(Beginning of Data shown)

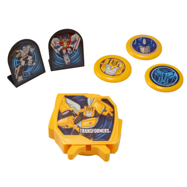 Autobots Assemble! Join in the Transformers™ battle with this interactive DecoSet! Your Transformer Fans will love these Autobot Battle DecoSet. Features disk shooter with three disks and layon targets for hours of fun after the party ends. 6-Piece set.
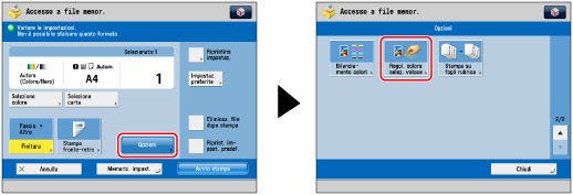 Non è possibile specificare le impostazioni del modo Regolazione colore selezione veloce quando si stampa un file in formato CMYK memorizzato in una mailbox.
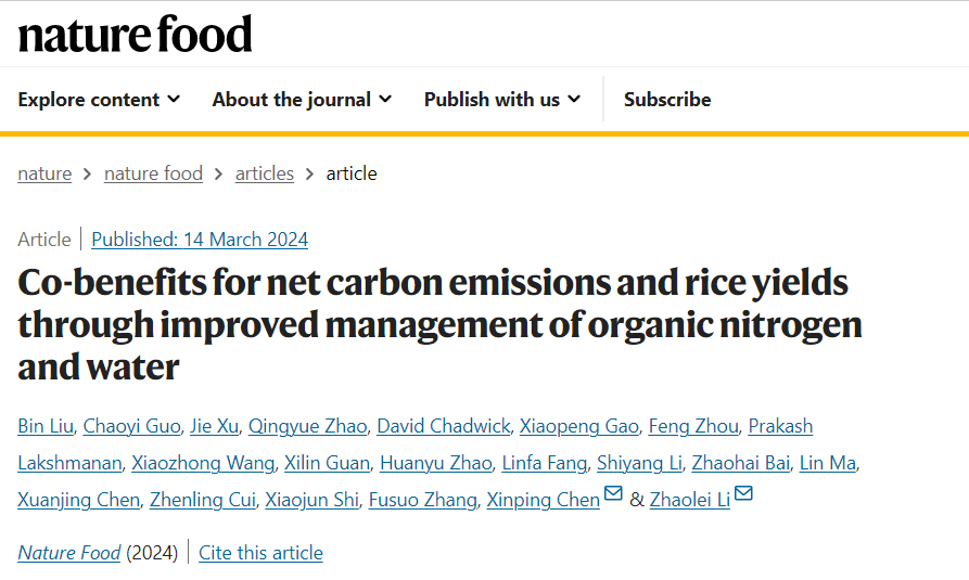 3月14日,beat365在线唯一官网登录陈新平团队联合国内外多所高校在《自然-食物》期刊(Nature Food) 在线发表了题为“协同实现净碳减排和水稻增产的有机氮肥与水分综合管理”(Co-benefits for net carbon emissions and rice yields through improved management of organic nitrogen and water)的论文,揭示了稻作区有机替代对水稻产量和温室气体排放的影响,提出了稻作区基于有机替代的增产减排综合水肥管理策略,为协同实现全球水稻产能提升和净碳减排提供了基于自然解决方案的路径。
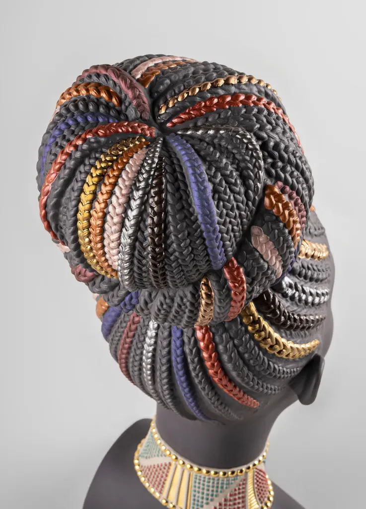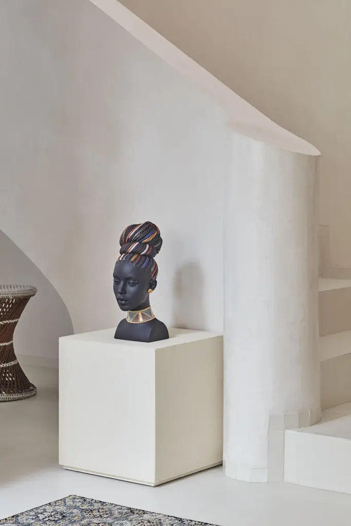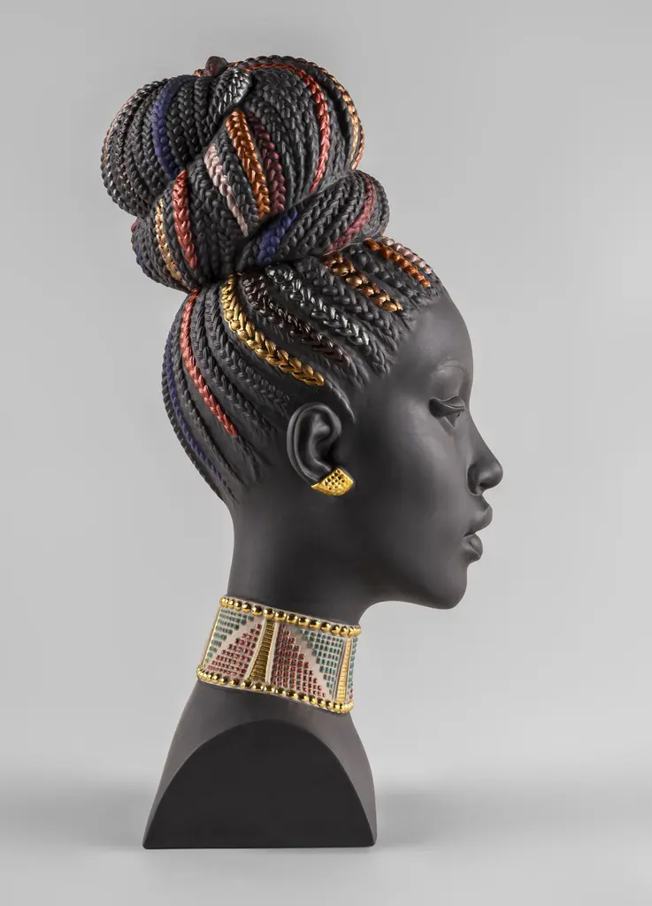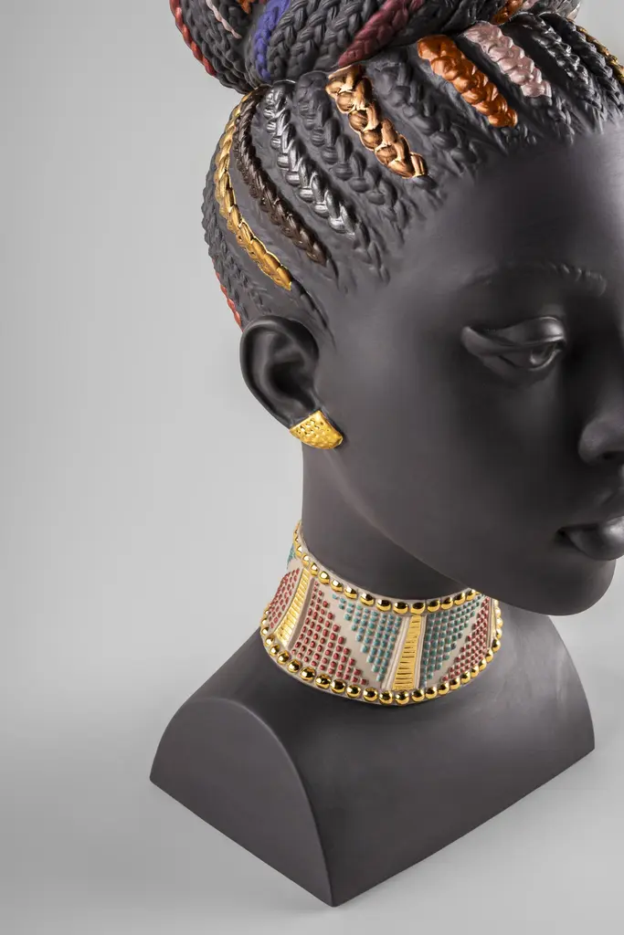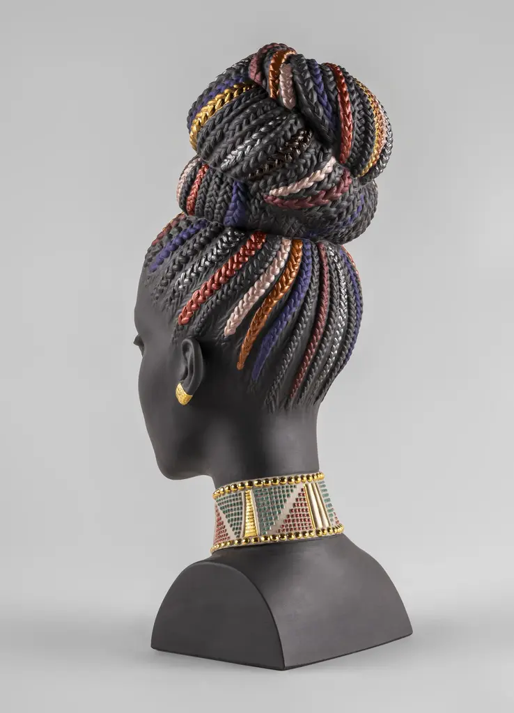 Made in matte black porcelain, this bust of a woman borrows its inspiration from the symbolism and intense coloring of African culture. The serene facial features, masterfully sculpted, are rounded off with a decoration using luster and metallic colors. Particularly noteworthy are the details etched in the earrings and pendant and the ornamental work recreating the intricate braiding of the hair. The result is a creation with great expressive strength that speaks to the character of African art.
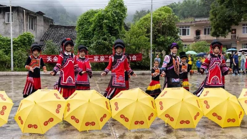 一群手撑黄伞的彝家姑娘们,身着盛装款款而来,一把把黄伞如同一朵朵正在盛放的索玛花,含羞带俏的姑娘们身姿婀娜,愉快的氛围感染了在场的每一位观众。
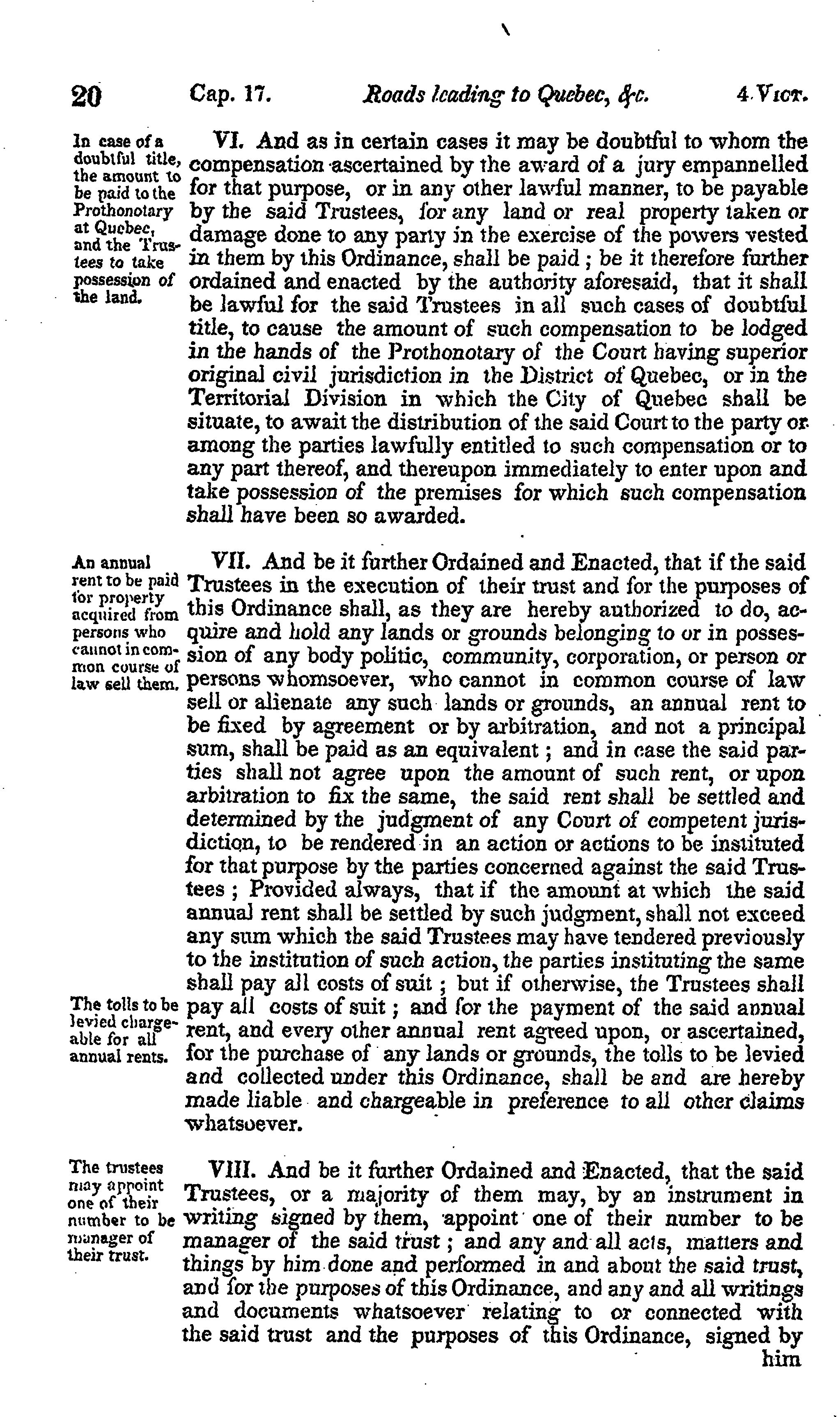 Acts relating to the turnpike roads and bridges in and near Quebec.
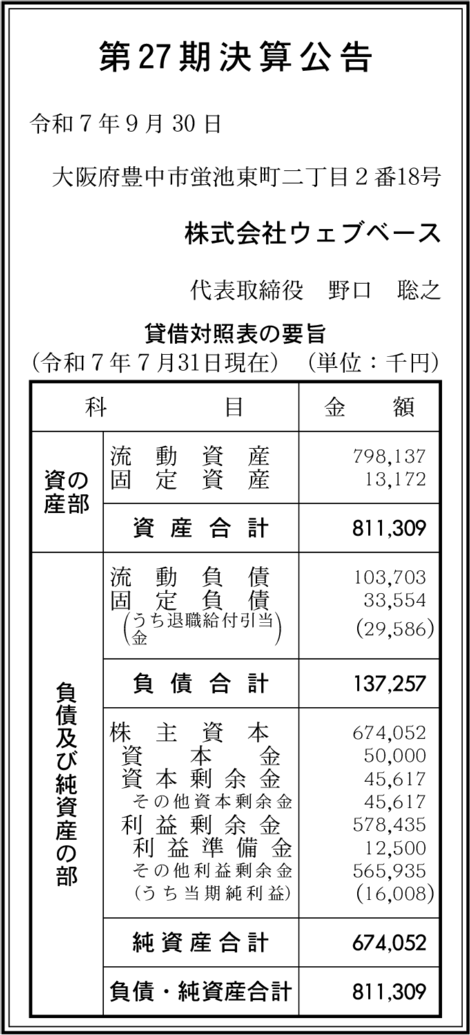 純資産 | 6億7,405万2,000円 (▲0.3%) |
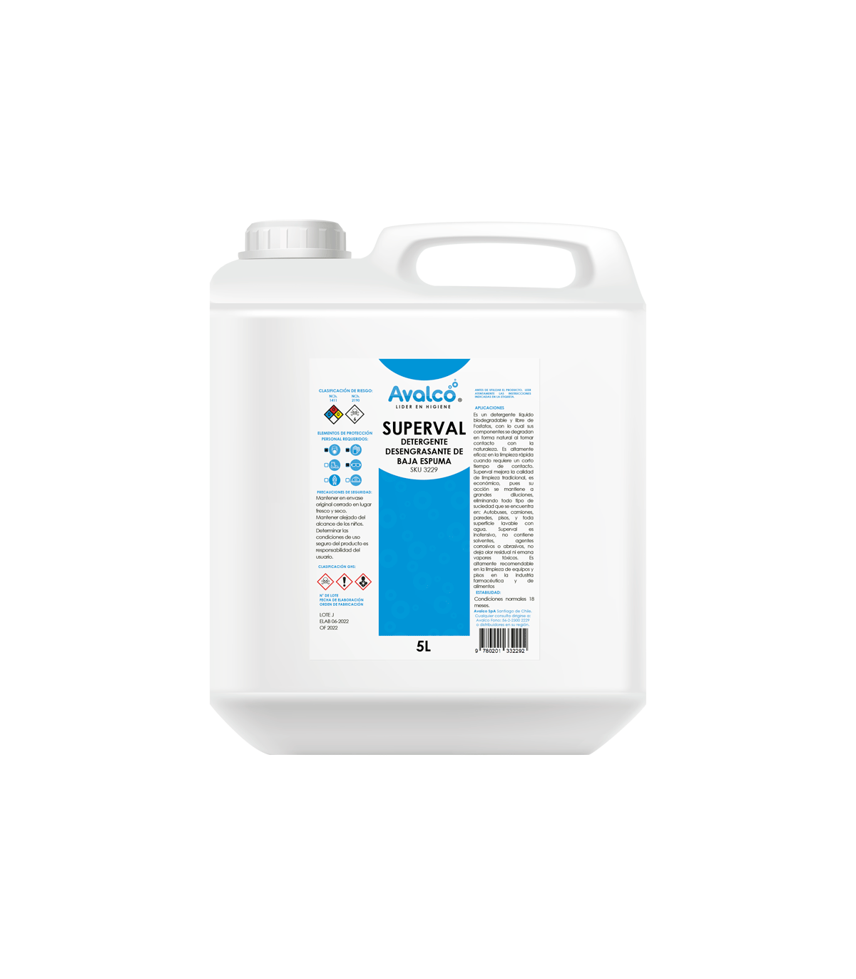 Superval - Detergente Desengrasante De Baja Espuma Bd 5 Litros. Es un detergente desengrasante líquido biodegradable y libre de Fosfatos, con lo cual sus componentes se degradan en forma natural al tomar contacto con la naturaleza. Es altamente eficaz en la limpieza rápida cuando requiere un corto tiempo de contacto. Superval mejora la calidad de limpieza tradicional, es económico, pues su acción se mantiene a grandes diluciones, eliminando todo tipo de suciedad que se encuentra en: Autobuses, camiones, paredes, pisos, y toda superficie lavable con agua. Superval es inofensivo, no contiene solventes, agentes corrosivos o abrasivos, no deja olor residual ni emana vapores tóxicos. Es altamente recomendable en la limpieza de equipos y pisos en la industria farmacéutica y de alimentos

(End of Data shown)

§ **What you should do**: Exclude every image and return the material above exactly.

§ **Worked solution**:
 Autobots Assemble! Join in the Transformers™ battle with this interactive DecoSet! Your Transformer Fans will love these Autobot Battle DecoSet. Features disk shooter with three disks and layon targets for hours of fun after the party ends. 6-Piece set.
 Non è possibile specificare le impostazioni del modo Regolazione colore selezione veloce quando si stampa un file in formato CMYK memorizzato in una mailbox.
 3月14日,beat365在线唯一官网登录陈新平团队联合国内外多所高校在《自然-食物》期刊(Nature Food) 在线发表了题为“协同实现净碳减排和水稻增产的有机氮肥与水分综合管理”(Co-benefits for net carbon emissions and rice yields through improved management of organic nitrogen and water)的论文,揭示了稻作区有机替代对水稻产量和温室气体排放的影响,提出了稻作区基于有机替代的增产减排综合水肥管理策略,为协同实现全球水稻产能提升和净碳减排提供了基于自然解决方案的路径。
 Made in matte black porcelain, this bust of a woman borrows its inspiration from the symbolism and intense coloring of African culture. The serene facial features, masterfully sculpted, are rounded off with a decoration using luster and metallic colors. Particularly noteworthy are the details etched in the earrings and pendant and the ornamental work recreating the intricate braiding of the hair. The result is a creation with great expressive strength that speaks to the character of African art.
 一群手撑黄伞的彝家姑娘们,身着盛装款款而来,一把把黄伞如同一朵朵正在盛放的索玛花,含羞带俏的姑娘们身姿婀娜,愉快的氛围感染了在场的每一位观众。
 Acts relating to the turnpike roads and bridges in and near Quebec.
 純資産 | 6億7,405万2,000円 (▲0.3%) |
 Superval - Detergente Desengrasante De Baja Espuma Bd 5 Litros. Es un detergente desengrasante líquido biodegradable y libre de Fosfatos, con lo cual sus componentes se degradan en forma natural al tomar contacto con la naturaleza. Es altamente eficaz en la limpieza rápida cuando requiere un corto tiempo de contacto. Superval mejora la calidad de limpieza tradicional, es económico, pues su acción se mantiene a grandes diluciones, eliminando todo tipo de suciedad que se encuentra en: Autobuses, camiones, paredes, pisos, y toda superficie lavable con agua. Superval es inofensivo, no contiene solventes, agentes corrosivos o abrasivos, no deja olor residual ni emana vapores tóxicos. Es altamente recomendable en la limpieza de equipos y pisos en la industria farmacéutica y de alimentos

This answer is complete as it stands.